I've never stopped buying games, but I'm pretty picky. Fallout 3 and GTA3 SA have probably each taken me about 150 hours of gameplay. Baldurs Gate 2 has probably taken over 300 hours to date. I'm still playing the D&D Online MMO where after spending $60 US to buy most of the in-game content, I can freeplay as much as I like, and that's been well over 300 hours.
I watch people playing latest gen shooters and I can fall asleep doing so. The engines are incredible, but the games are for the most part short, inane and incredibly repetitive. I tried playing Doom 3, where you have to head-shot the almost black zombies shambling towards you in the almost black room. I spent half an hour in the game hoping for duct-tape so I could attach my torch to my head (i.e. have light AND a gun!) and when it turned out that this wasn't to be, I uninstalled the game and sold it. That was the last FPS I paid money for.

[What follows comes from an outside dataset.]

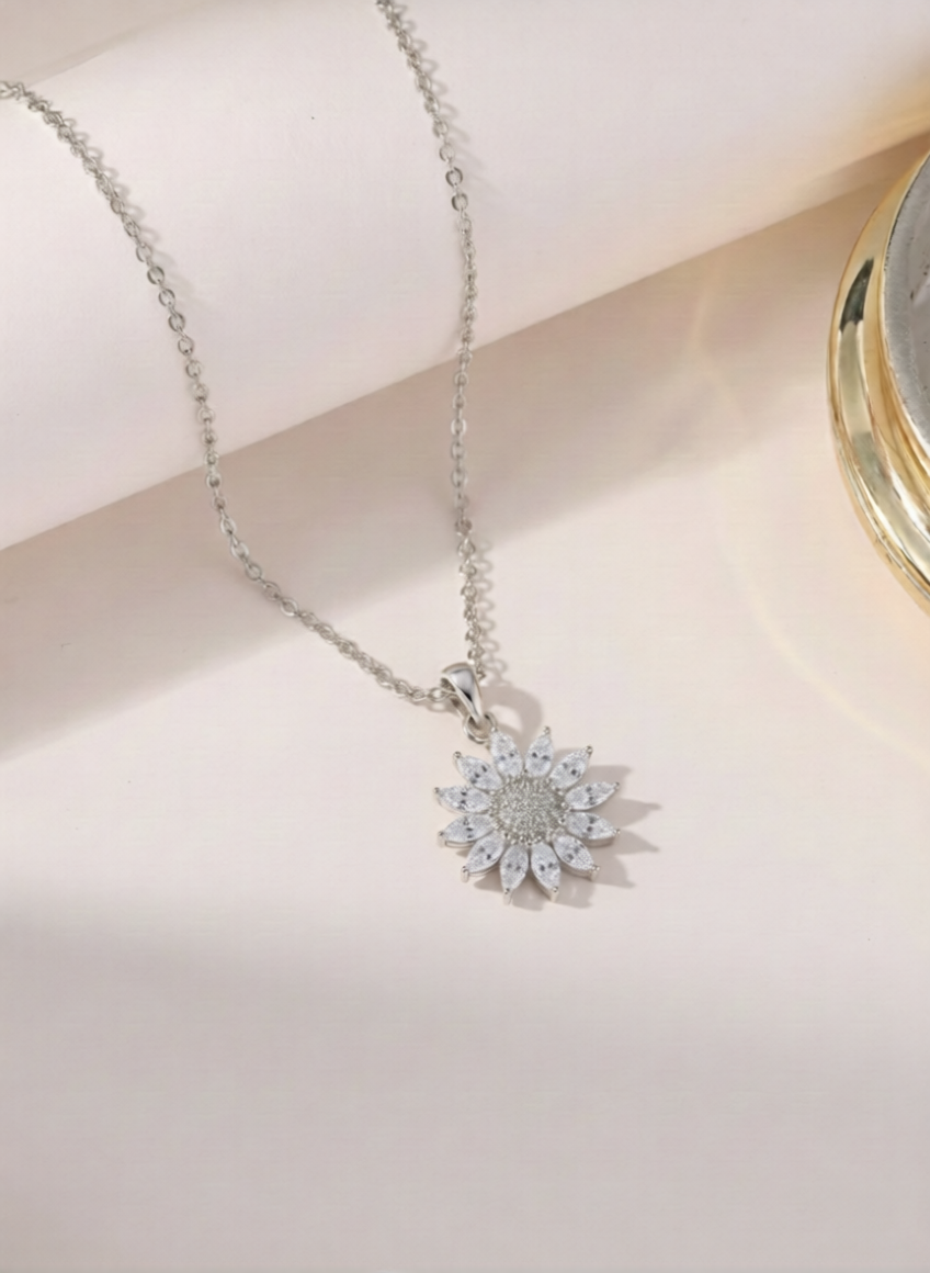 Sparkling CZ Sunflower Pendant

If you want an old-school RPG, read the article on Wasteland 2 recently published on the reg, and head over to Kickstarter to pledge/pre-order it. This is a game with an initial development budget of 1.5 million dollars. No 5 minute rendered cut-scenes with voiceovers by Hollywood A-listers, no 'cutting edge 3D engine' requiring latest gen hardware on which to run the bloody thing. Just a turn-based RPG with a post-apocalyptic setting and hopefully a gritty feel to it.
If games don't cost $100 million to develop, you don't have to recoup $100 million in sales before you can move onto the 'hookers and blow' part of your game publishing lifestyle.